2.3. The POD-like Activity of FeS₂

Subsequently, we investigated the peroxidase-like catalytic capacity of the composite through the oxidation of 3,3′,5,5′-tetramethylbenzidine (TMB) in the presence of H₂O₂. We tested the effects of nFeS concentration, H₂O₂ concentration, pH, and temperature on the peroxidase-like activity. With the increase of FeS₂ concentration, the oxidation rate of TMB also increased (Figure 3B). Moreover, with the increase of H₂O₂ concentration, the rate of TMB oxidation also gradually increased (Figure 3C). After optimizing the temperature and pH for the peroxidase-like activity of nFeS, it was found that the peroxidase-like activity of FeS₂ decreased with the increase in temperature, and the optimum pH was 4.0 (Figure 3D,E). The above results show that the peroxidase-like catalytic performance of FeS₂ nanoparticles is dependent on catalyst concentration, substrate concentration, temperature, and pH, similar to natural enzymes. The mechanism of peroxidase-like activity of FeS₂ nanoparticles was then further explored. Terephthalic acid was used as a fluorescent probe to detect the production of hydroxyl radicals, which can be produced from H₂O₂ by peroxidase [42]. The generation of hydroxyl radicals from H₂O₂ catalyzed by FeS₂ was detected. In the presence of H₂O₂, FeS₂ can convert TA into TA-OH, which has increased fluorescence intensity. The production of hydroxyl radicals was detected under acidic or neutral conditions, indicating that the peroxidase-like activity of FeS₂ is due to its ability to decompose H₂O₂ to produce hydroxyl radicals (Figure S5). To determine the catalytic efficiency of FeS₂ nanosheets, we performed enzyme kinetic analysis with testing at optimal pH and room temperature. Unexpectedly, FeS₂ nanosheets showed a very high affinity for H₂O₂, with a K_m of 0.01743 mM and a V_max of 110.9848 nM/s (Figure 3F). The results demonstrate that FeS₂ mimics natural peroxidase catalytically and has the benefit of stability over natural enzymes. The excellent peroxidase-like activity of FeS₂ nanosheets encouraged us to further apply them for two-enzyme coupled catalysis.

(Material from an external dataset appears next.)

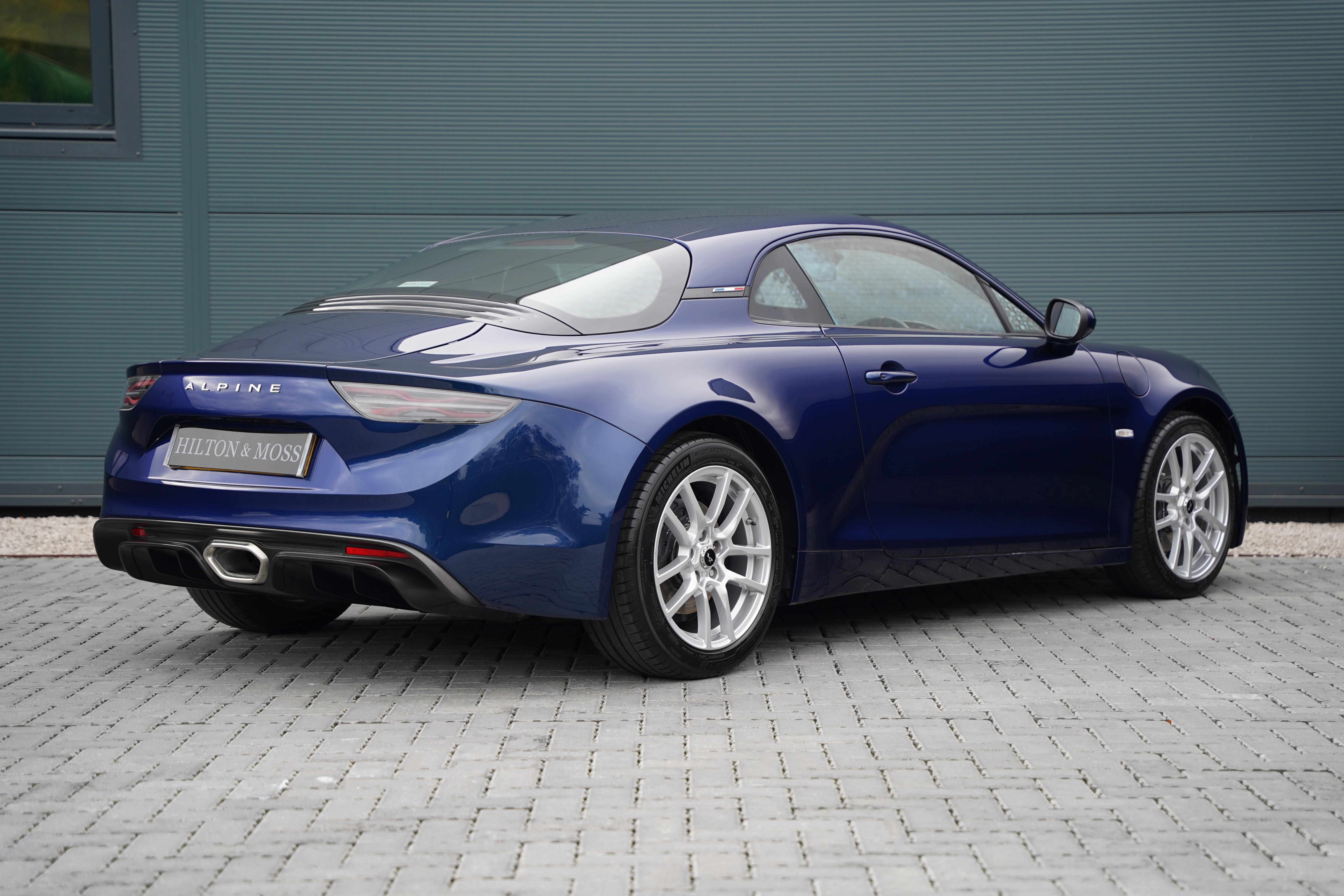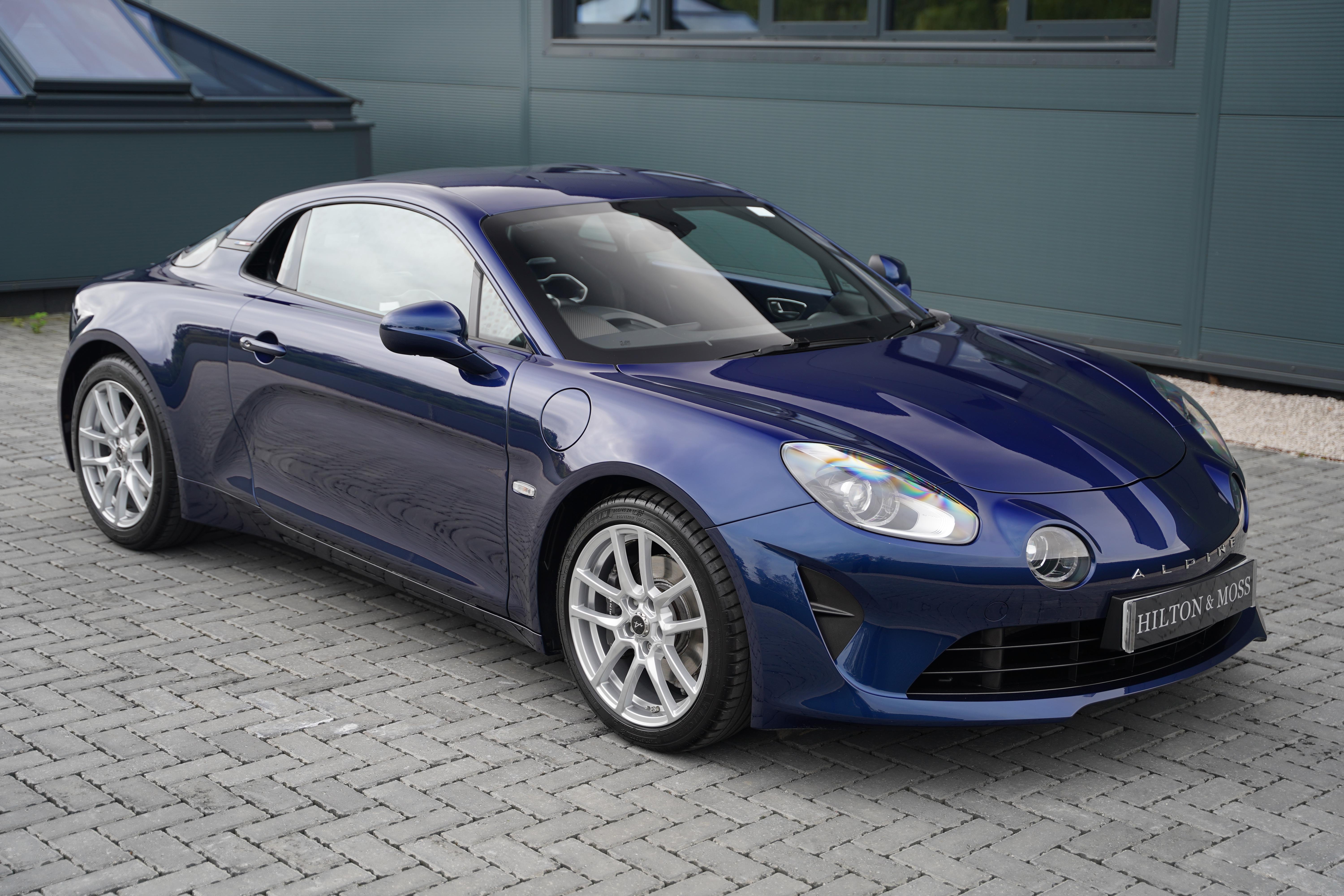 Hilton & Moss are excited to present another fantastic Alpine A110 at our showroom. A mid-engine rear wheel drive sports car for the 21st Century, with a turbo-charged 1.8 litre in-line four engine.

2.4. Sensitivity and Selectivity of Glucose Detection

Based on the exceptional peroxidase-mimicking activity of FeS₂, we initially employed the immobilized Gox-TMB system to detect glucose in a solution. With the increase of glucose content, the absorbance at 652 nm of the detecting system also increased (Figure 4A). The color response of the immobilized Gox-TMB system showed a good linear relationship with the glucose concentration (Figure 4B). Moreover, the detection limit was as low as 1.9 × 10⁻⁶ M, which was sufficiently sensitive for the actual glucose sample. We created a standard color card with the colors representing the various glucose concentrations in order to more easily determine the concentration of glucose in the solution (Figure 4C). The selectivity was assessed by examining the reactions to the typical interfering substances, including the selectivity of FeS₂ for H₂O₂ and the selectivity of the system for glucose. At the same substrate concentration, only H₂O₂ produced the response of FeS₂, while there was no reaction with common metal ions and TMB, demonstrating its strong selectivity for H₂O₂ (Figure S6). Similarly, only glucose caused a discernible change in solution color, while the solutions containing interfering compounds remained colorless and behaved exactly like the blank, clearly demonstrating the great selectivity for glucose (Figure 4D and Figure S7). The FeS₂/CS@Gox system’s strong selectivity and sensitivity for glucose make it suited for the identification of samples that contain the substance. In addition, the catalytic efficiency of the glucose detection system based on FeS₂/CS@Gox was further evaluated over time. As shown in Figure 4E, the catalytic activity of the glucose detection system decreased during one month of storage, but the overall value was higher than 80%, demonstrating the good storage stability of the glucose detection system. The good shelf life of the FeS₂/CS@Gox system will also further improve its application in the detection of real samples. The nanozyme-based glucose-sensing system offers a good detection limit [43], and our system offers obvious benefits over other systems (

Table 1. Comparison of the colorimetric glucose sensors using various artificial peroxidase.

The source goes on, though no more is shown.